Cannabis Pioneer: Ken Wolski

Cannabis Pioneer: Ken Wolski

 

New Jersey’s recent cannabis legalization provides the perfect opportunity to feature Ken Wolski for this issue’s Cannabis Pioneer. A long-term activist, Wolski was an opponent of the Vietnam War in the 60s and 70s establishing himself as a proponent of free speech, academic freedom, women’s rights, civil rights, sexual freedom, and drug policy reform. Today, at seventy-three, Wolski is the executive director of the Coalition for Medical Marijuana – New Jersey but his career began in nursing after obtaining both bachelor’s and master’s degrees and quickly determined he would be involved in public health as an extension of his passion for social justice. 

After trial by fire in his first nursing job with the state-run Trenton Psychiatric Hospital, he moved on to nursing jobs at Carrier Clinic, Mercer Medical Center, the city of Trenton, and Thomas Jefferson University Hospital in Philadelphia before settling into a 22-year career with the state Department of Corrections.

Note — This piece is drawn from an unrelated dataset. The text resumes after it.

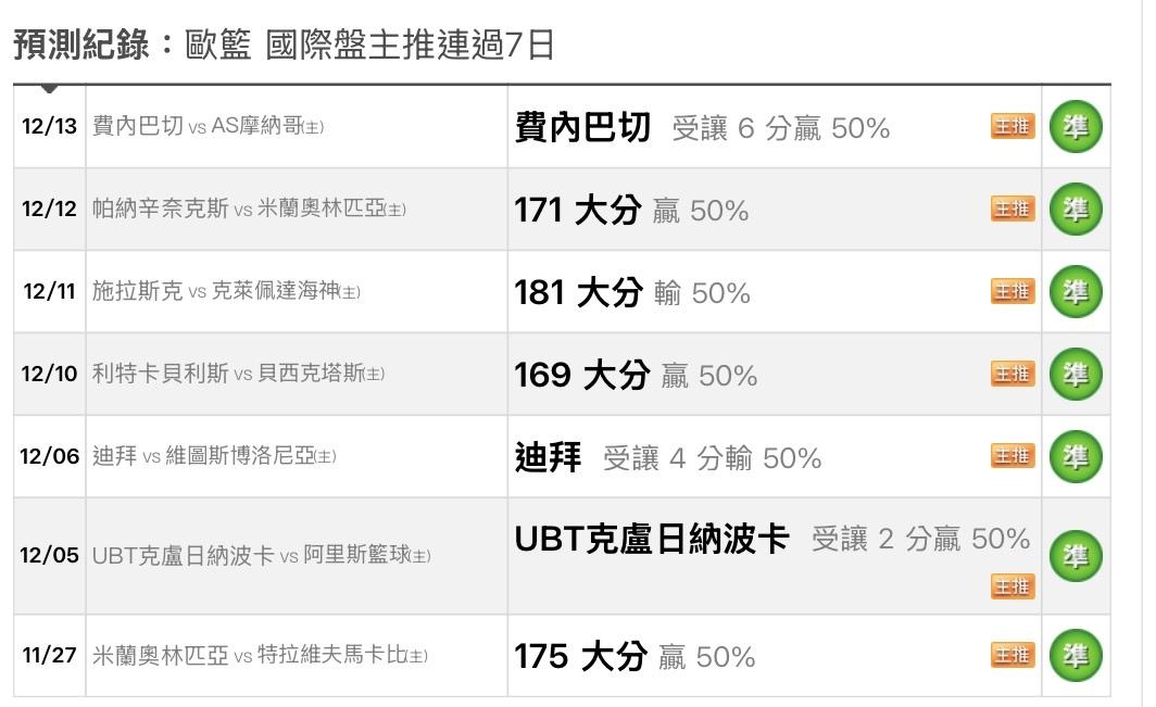 歐洲職籃 >> 🐈の國際主推連過7天勝率100趴 運彩主推連過4天 免費推薦2場

After NJ Governor Christie Whitman privatized health care in correctional centers, his continued service to the state included developing a statewide telemedicine program for inmates that was so successful, he received a Governor’s Certificate of Appreciation Award in 2005. He retired from the state the following year.

Over the years, Wolski has also tried his hand at politics, including a Green Party senate campaign in 2012, which ended with him finishing 4th out of 11 candidates in the running. 

The bearded 73-year-old nurse exudes reassurance and empathy, in every scenario he’s a part of in public or leading a meeting of the coalition, which he founded in 2002 with Jim Miller, an activist who fought to pass a medical cannabis law so it could help his wife Cheryl, cope with multiple sclerosis. “It is very difficult to get the truth out about medical marijuana due to the campaign of misinformation currently being waged by the federal government,” Wolski said. “An all-volunteer organization like CMMNJ, which depends for its survival on public donations, faces daunting odds. Moreover, our strongest supporters are often very ill, often impoverished by their illness, and often afraid to speak out about their use of an illegal substance.”

State Sen. Nicholas Scutari, D-Union, sponsor of the medical marijuana and adult use legislation, credits Wolski for helping chip away at the drug’s stigma when marijuana “was looked at very skeptically…like a hippie thing.”

   

As a member of NORML since its start in 1970, Wolski traveled to Amsterdam in 1993 for a medical marijuana conference and met American expatriate James Burton. The former farmer from Kentucky described how he had served a year in a maximum-security prison after he was convicted of growing cannabis to treat his glaucoma.

“In 1993, I was Supervisor of Nurses at the New Jersey State Prison in Trenton…so I was well aware of the kind of humiliations and degradations that inmates in maximum security prisons endured every day,” Wolski said. “It was a hard time, and it was totally inappropriate for the non-violent crime he committed.”

“This was one of the worst cases of social injustice I have ever encountered,” Wolski said. “I vowed I would try to stop this injustice from happening to other patients.”

Wolski’s advocacy efforts include numerous anecdotes, but to put into perspective how involved he has been during the road to legalization in NJ, note that in 2002, he wrote a resolution in support of medical marijuana that the New Jersey State Nurses Association adopted. In 2016, Governor Christie signed into law the addition of post-traumatic stress disorder as a qualifying condition for the medical marijuana program at the urging of Wolski and coalition members for two years. Wolski helped write the petition that added chronic pain of musculoskeletal origin to the qualifying list of conditions in 2018. 

He is a registered patient himself and uses cannabis for pain associated with his osteoarthritis, and although “retired” from his nursing career, Wolski does not consider himself retired advocacy. He lectures on medical marijuana to community groups and nursing and medical professionals as part of their continuing education programs. He provides expert witness testimony in court cases and volunteers as the coalition’s executive director.